I'm trying to use open-uri
to scrape the data from:
https://www.zomato.com/grande-lisboa/fu-hao-massamá
But, the website is automatically redirecting to:
https://www.zomato.com/pt/grande-lisboa/fu-hao-massamá
I don't want the spanish version. I want the english one. How do I tell ruby to stop doing that?
This is called content negotiation - the web server redirects based on your request. pt
(Portuguese) seems to be the default: (at least from my location)
$ curl -I https://www.zomato.com/grande-lisboa/fu-hao-massam%C3%A1
HTTP/1.1 301 Moved Permanently
Set-Cookie: zl=pt; ...
Location: https://www.zomato.com/pt/grande-lisboa/fu-hao-massam%C3%A1
You can request another language by sending an Accept-Language
header.

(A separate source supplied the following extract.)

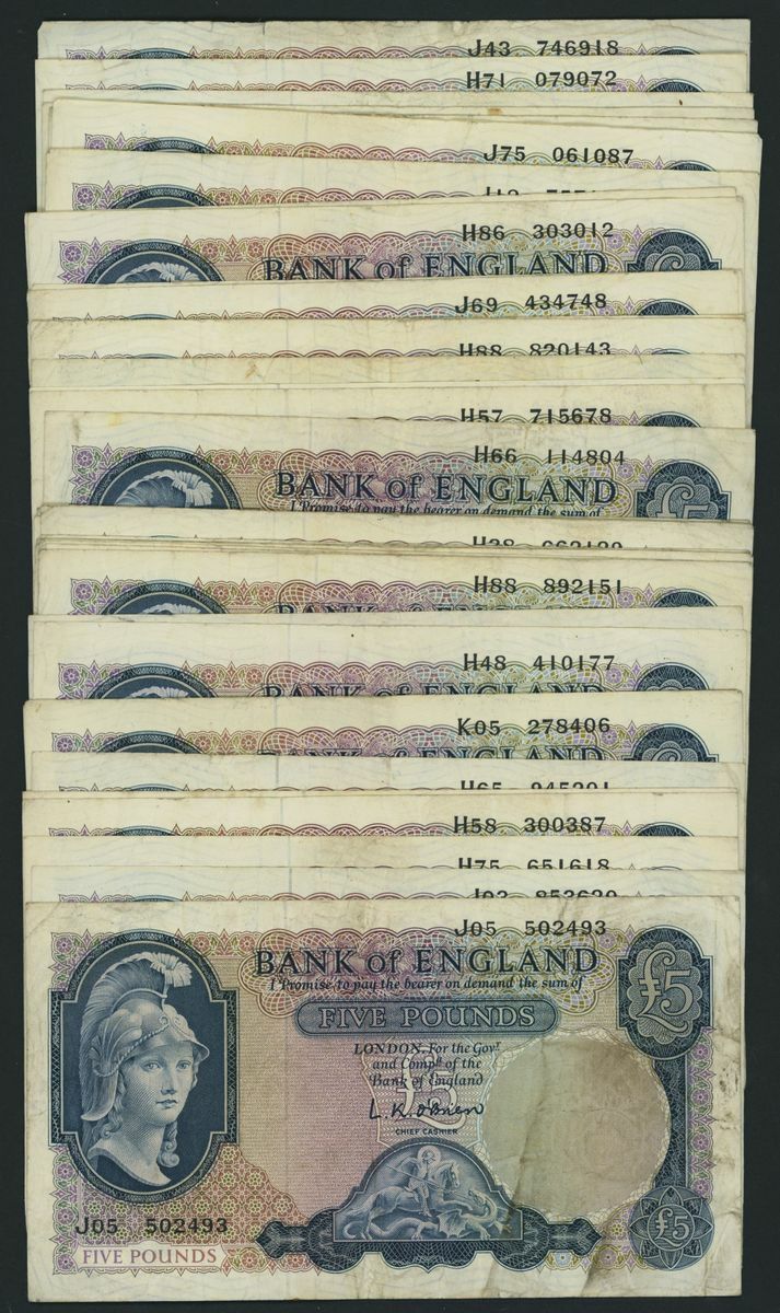 Bank of England, [40 notes] £5, London, ND (1961), L. K. O'Brien, (Pick 372a, EPM B280), very good to very fine (40 notes)

Here's the answer for Accept-Language: es
(Spanish):
$ curl -I https://www.zomato.com/grande-lisboa/fu-hao-massam%C3%A1 -H "Accept-Language: es"
HTTP/1.1 301 Moved Permanently
Set-Cookie: zl=es_cl; ...
Location: https://www.zomato.com/es/grande-lisboa/fu-hao-massam%C3%A1
And here's the answer for Accept-Language: en
(English):
$ curl -I https://www.zomato.com/grande-lisboa/fu-hao-massam%C3%A1 -H "Accept-Language: en"
HTTP/1.1 200 OK
Set-Cookie: zl=en; ...
This seems to be the resource you've been looking for.
In Ruby you'd use:
require 'nokogiri'
require 'open-uri'
url = 'https://www.zomato.com/grande-lisboa/fu-hao-massam%C3%A1'
headers = {'Accept-Language' => 'en'}
doc = Nokogiri::HTML(open(url, headers))
doc.at('html')[:lang]
#=> "en"